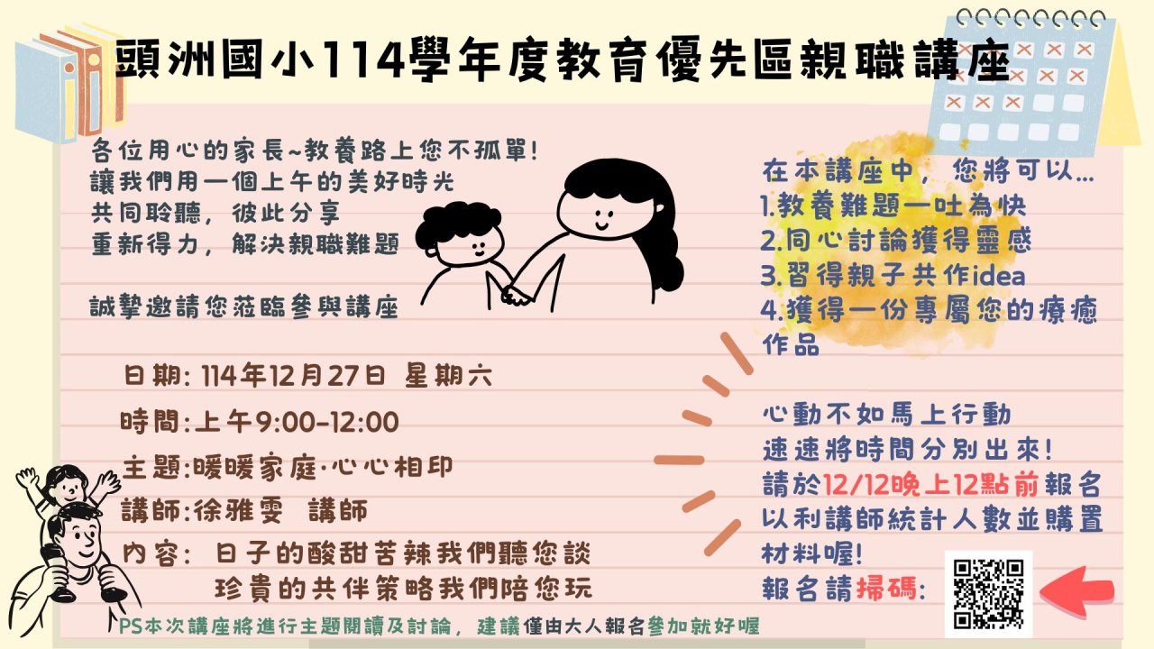 轉知頭洲國小辦理114學年度教育優先區親職教育講座「暖暖家庭‧心心相印」一案,歡迎教職員、家長踴躍參加。
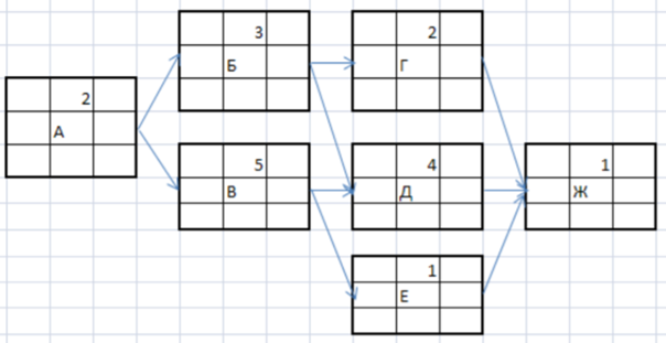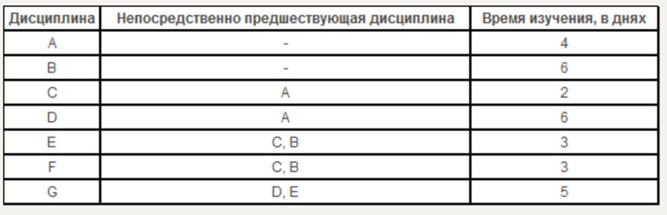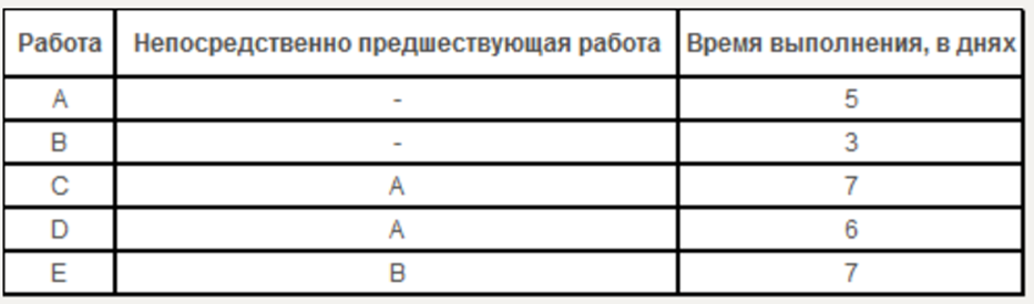 Имеются данные по работам проекта и времени их выполнения. Используя эти данные, определите продолжительность проекта.
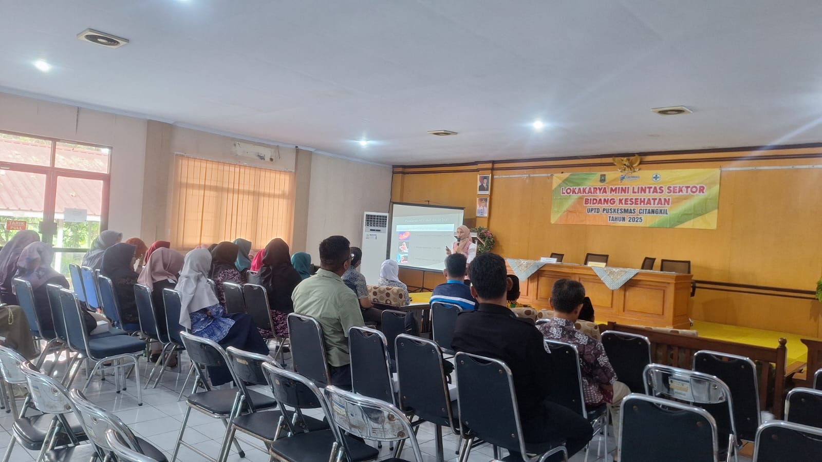 Cilegon - Ps. Kasie Humas Polsek Ciwandan Polres Cilegon Polda Banten BRIPKA Herawan Sepridho Bersama Personil Bhabinkamtibmas Polsek Ciwandan BRIPKA Marisco menghadiri kegiatan Lokakarya mini Lintas Sektor Bidang Kesehatan UPTD Puskesmas Citangkil I Tahun 2025 Di Aula Kantor Kecamatan Citangkil, Kamis (13/11/2025).
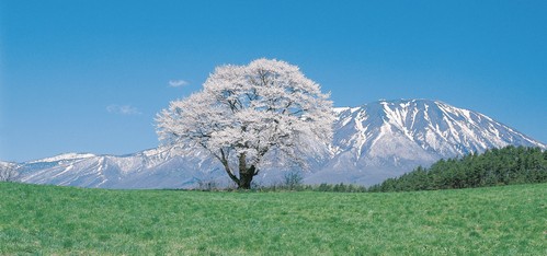 ▲小岩井農場的一本櫻搭配岩手山的融雪風景如畫一般。
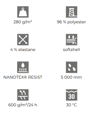 • 3-layer softshell with membrane
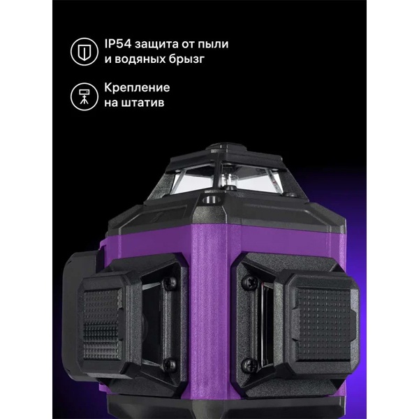 Встроенный компенсатор вибраций автоматически устраняет мелкие колебания, обеспечивая стабильную и точную разметку. Для повышения эффективности можно использовать прибор с лазероприемником — он уже входит в комплект, докупать ничего не нужно.
.....
- Work to complete -
Copy exactly the lines from the line containing "softshell with membrane" through the last line of the records, both included, and omit every picture.

- Task response -
 • 3-layer softshell with membrane
 Встроенный компенсатор вибраций автоматически устраняет мелкие колебания, обеспечивая стабильную и точную разметку. Для повышения эффективности можно использовать прибор с лазероприемником — он уже входит в комплект, докупать ничего не нужно.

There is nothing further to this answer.